#### Task inputs
◇ ◇ ◇ ◇ ◇ ◇ ◇

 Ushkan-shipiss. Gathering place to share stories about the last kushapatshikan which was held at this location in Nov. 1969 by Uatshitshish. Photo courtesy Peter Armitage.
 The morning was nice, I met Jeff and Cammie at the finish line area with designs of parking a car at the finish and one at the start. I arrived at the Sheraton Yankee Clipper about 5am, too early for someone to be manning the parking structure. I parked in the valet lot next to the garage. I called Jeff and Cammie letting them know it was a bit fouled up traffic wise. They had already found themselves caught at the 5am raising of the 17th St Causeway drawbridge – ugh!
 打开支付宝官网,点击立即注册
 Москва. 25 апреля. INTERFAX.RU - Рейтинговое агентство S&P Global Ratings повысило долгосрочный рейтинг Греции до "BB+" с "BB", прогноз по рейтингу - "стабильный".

◇ ◇ ◇ ◇ ◇ ◇ ◇

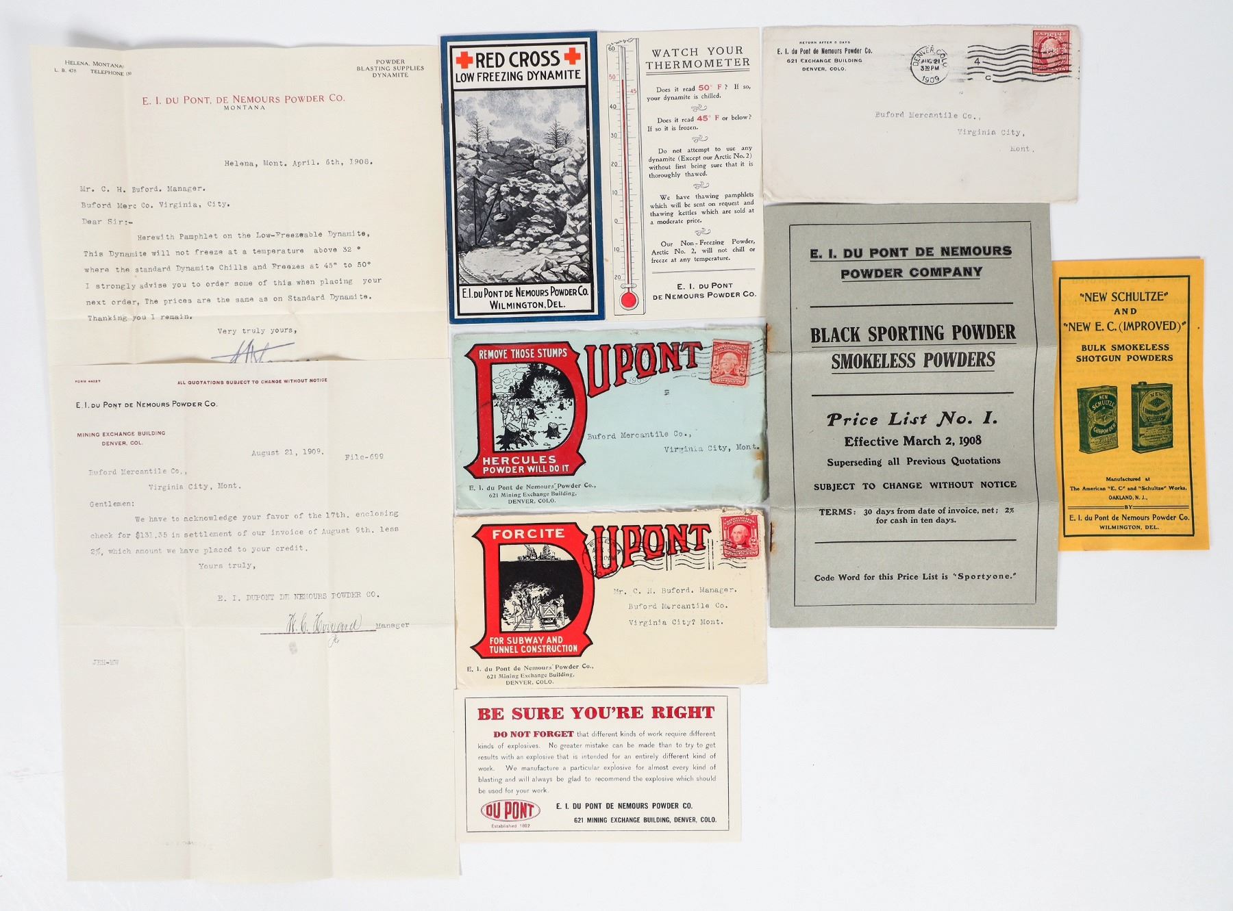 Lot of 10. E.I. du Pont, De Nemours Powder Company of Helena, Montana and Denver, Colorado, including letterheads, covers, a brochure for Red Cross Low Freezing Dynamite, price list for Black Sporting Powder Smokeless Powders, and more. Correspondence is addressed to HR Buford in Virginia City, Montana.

◇ ◇ ◇ ◇ ◇ ◇ ◇

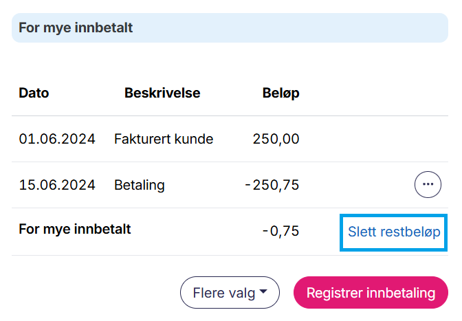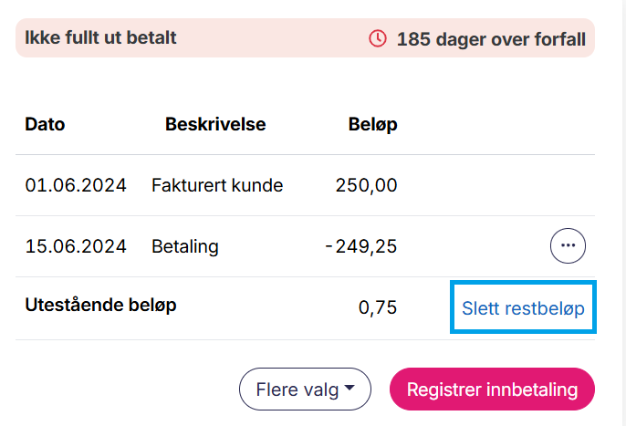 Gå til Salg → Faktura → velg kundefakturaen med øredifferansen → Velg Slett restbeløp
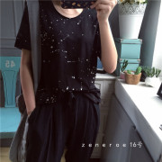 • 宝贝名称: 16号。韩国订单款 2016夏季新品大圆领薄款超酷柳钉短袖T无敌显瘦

◇ ◇ ◇ ◇ ◇ ◇ ◇

#### Exercise requirements
All lines in the data above from the one with "Ushkan-shipiss. Gathering place" through the one with "Москва. 25 апреля." must be repeated exactly, and no others.

#### Result of this exercise
 Ushkan-shipiss. Gathering place to share stories about the last kushapatshikan which was held at this location in Nov. 1969 by Uatshitshish. Photo courtesy Peter Armitage.
 The morning was nice, I met Jeff and Cammie at the finish line area with designs of parking a car at the finish and one at the start. I arrived at the Sheraton Yankee Clipper about 5am, too early for someone to be manning the parking structure. I parked in the valet lot next to the garage. I called Jeff and Cammie letting them know it was a bit fouled up traffic wise. They had already found themselves caught at the 5am raising of the 17th St Causeway drawbridge – ugh!
 打开支付宝官网,点击立即注册
 Москва. 25 апреля. INTERFAX.RU - Рейтинговое агентство S&P Global Ratings повысило долгосрочный рейтинг Греции до "BB+" с "BB", прогноз по рейтингу - "стабильный".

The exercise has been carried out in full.